The HBO Max streaming service has temporarily removed Gone with the Wind from its platform after the screenwriter of 12 Years a Slave called for its removal in a Monday op-ed. While it is not clear if the op-ed was a driving factor in the decision, screenwriter John Ridley wrote in the Los Angeles Times …

The HBO Max streaming service has temporarily removed Gone with the Wind from its platform after the screenwriter of 12 Years a Slave called for its removal in a Monday op-ed.

While it is not clear if the op-ed was a driving factor in the decision, screenwriter John Ridley wrote in the Los Angeles Times the HBO should consider removing Gone with the Wind temporarily because of the massive George Floyd demonstrations occurring across the U.S. The 2013 film 12 Years a Slave was adapted by Ridley from the 1853 memoir of Solomon Northup, a free-born African American who was kidnapped and sold into slavery in Louisiana.

Gone with the Wind, long considered an American classic, has drawn controversy over its portrayal of African Americans in the antebellum South. The film depicts a far rosier view of slavery and its aftermath than is historically accurate.

In 1939, actress Hattie McDaniel became the first African American to win an Oscar for her role as “Mammy” in the film.
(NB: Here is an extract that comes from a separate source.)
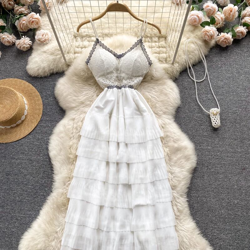 2022 ストラップ夏自由奔放に生きる女 ロング ホワイト レース 刺繍 サマー 夏物 ビーチ Abe73165543269

Gone With The Wind is a product of its time and depicts some of the ethnic and racial prejudices that have, unfortunately, been commonplace in American society,” an HBO spokesperson told the Hollywood Reporter. “When we return the film to HBO Max, it will return with a discussion of its historical context and a denouncement of those very depictions, but will be presented as it was originally created, because to do otherwise would be the same as claiming these prejudices never existed.”

In his op-ed, Ridley wrote “I don’t think ‘Gone With the Wind’ should be relegated to a vault in Burbank. I would just ask, after a respectful amount of time has passed, that the film be re-introduced to the HBO Max platform along with other films that give a more broad-based and complete picture of what slavery and the Confederacy truly were.”